Genome Scan of Rice Landrace Populations Collected Across Time Revealed Climate Changes' Selective Footprints in the Genes Network Regulating Flowering Time

Abstract

Analyses of the genetic bases of plant adaptation to climate changes, using genome-scan approaches, are often conducted on natural populations, under hypothesis of out-crossing reproductive regime. We report here on a study based on diachronic sampling (1980 and 2011) of the autogamous crop species, Oryza sativa and Oryza glaberrima, in the tropical forest and the Sudanian savannah of West Africa. First, using historical meteorological data we confirmed changes in temperatures (+ 1 °C on average) and rainfall regime (less predictable and reduced amount) in the target areas. Second, phenotyping the populations for phenology, we observed significantly earlier heading time in the 2010 samples.
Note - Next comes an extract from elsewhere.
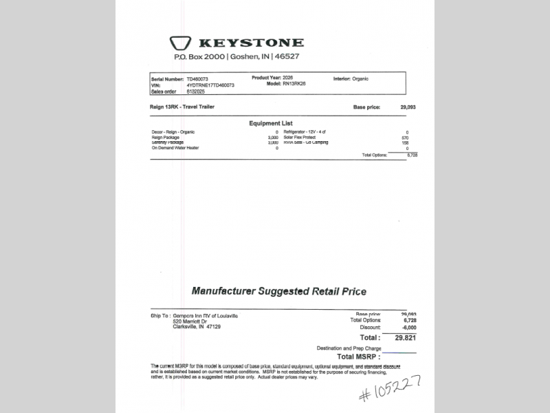 New 2026 Keystone RV Reign 13RK Travel Trailer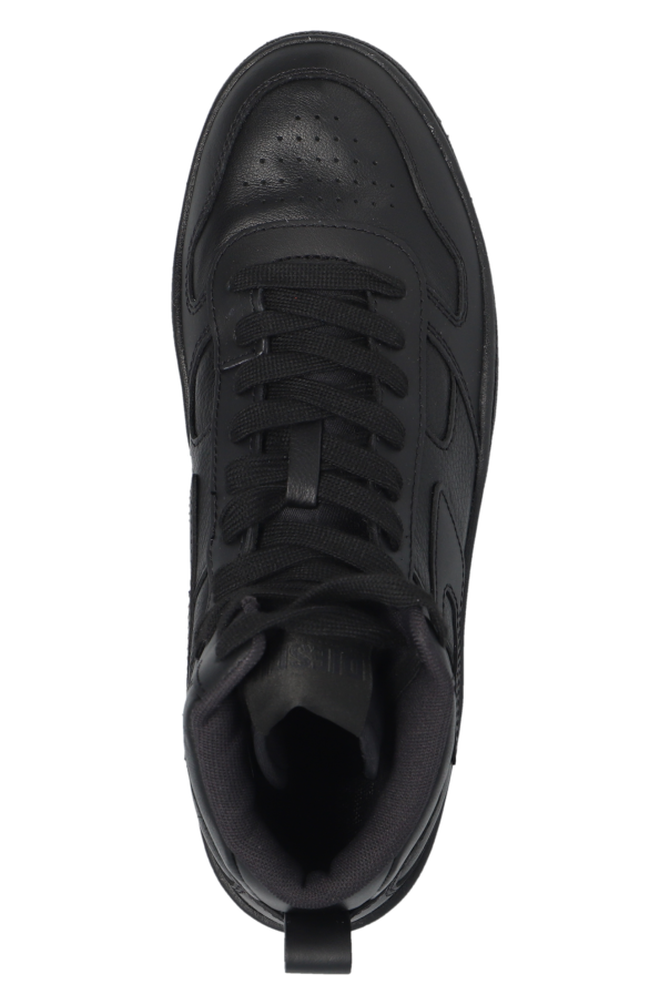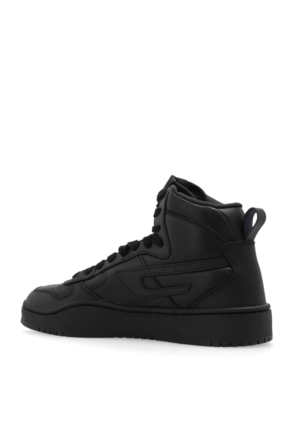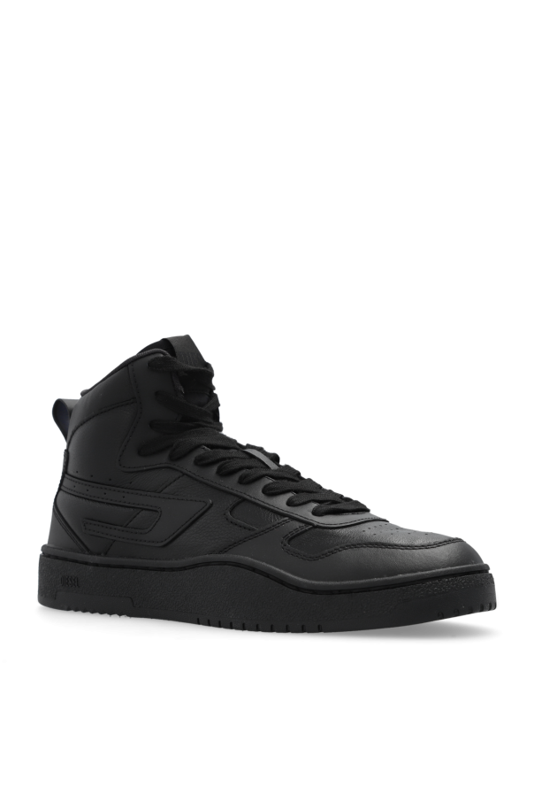 Black ‘S-UKIYO’ high-top sneakers from Diesel. Made from cow leather, this lace-up model sits on a black rubber sole and features a logo patch and perforations.

Third, implementing two genome-scan methods (one of which specially developed for selfing species) on genotyping by sequencing genotypic data of the two populations, we detected 31 independent selection footprints. Gene ontology analysis detected significant enrichment of these selection footprints in genes involved in reproductive processes. Some of them bore known heading time QTLs and genes, including OsGI, Hd1 and OsphyB. This rapid adaptive evolution, originated from subtle changes in the standing variation in genetic network regulating heading time, did not translate into predominance of multilocus genotypes, as it is often the case in selfing plants, and into notable selective sweeps. The high adaptive potential observed results from the multiline genetic structure of the rice landraces, and the rather large and imbricated genetic diversity of the rice meta-population at the farm, the village and the region levels, that hosted the adaptive variants in multiple genetic backgrounds before the advent of the environmental selective pressure. Our results illustrate the evolution of in situ diversity through processes of human and natural selection, and provide a model for rice breeding and cultivars deployment strategies aiming resilience to climate changes. It also calls for further development of population genetic models for adaptation of plant populations to environmental changes. To our best knowledge, this is the first study dealing with climate-changes' selective footprint in crops.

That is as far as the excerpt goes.